The policy is likely to create bubbles, financial distortions and future inflation, without guaranteeing a meaningful long-term improvement in the pace of growth. But, in the short term, the financial markets will remain very dependent on repeated injections of liquidity. Share prices are still relatively high, particularly in the US. But all the main stock markets have recorded net declines since the middle of March, especially in Western Europe, reflecting concerns that economic prospects are becoming less rosy. There are renewed signs that risk appetite is declining.

The Cyprus bailout crisis was resolved quickly. But the strains were traumatic for a brief period, and reminded the markets that recurring instability will remain a permanent feature of the eurozone. Although Cyprus accounts for a tiny share of eurozone GDP, the acute tensions have highlighted the reluctance of Germany, and other core members such as Holland and Finland, to bail out unconditionally weak countries that get into trouble.

The decision to penalise, as part of the settlement, large depositors at Cypriot banks is a precedent that may have adverse long-term implications for wider banking sector stability.
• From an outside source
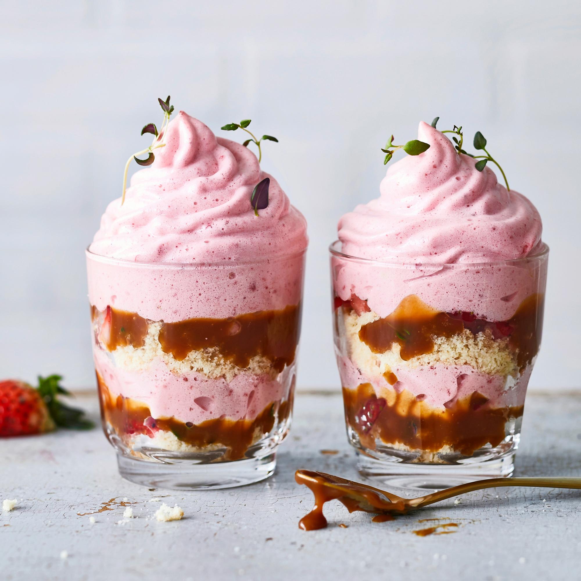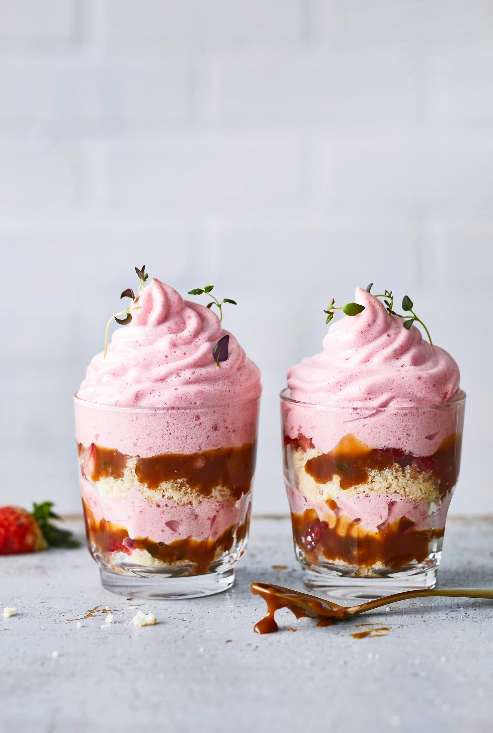 Mansikka-kinuskikakut lasissa – kuohkea kerrosjälkiruoka yhdistää ihanasti kakkumurun, kinuskin ja sorbettimaisen mansikkavaahdon

Until now, large depositors have effectively been protected beyond the legal limits set by various deposit insurance schemes. But after seeing Cypriot depositors lose some of their money and become subject to capital controls, other depositors will feel vulnerable, particularly in countries likely to face problems.

The weakest link
The eurozone remains the weakest link in the global economy. Having declined since the start of 2012, GDP dropped by 0.6% in the fourth quarter of last year. Forecasts for 2013 are being revised down, and an annual GDP fall of 0.4% is widely expected.

In spite of the Cyprus bailout, new pressures are building up. Eurozone unemployment, at 12%, is high, with rates in excess of 26% in Greece and Spain, and with high youth jobless rates. The political paralysis in Italy remains unresolved, and the markets may become uneasy if there are no signs of progress towards forming a stable government. Spain, Portugal and Slovenia are facing problems, and there are risks of contagion. The European Central Bank (ECB) kept official rates at 0.75% at its April meeting. With the economy stuck in recession, a cut to 0.5% is widely expected in the next two to three months. The role of the ECB in maintaining stability remains critical. But dealing with the underlying problems will require difficult political decisions.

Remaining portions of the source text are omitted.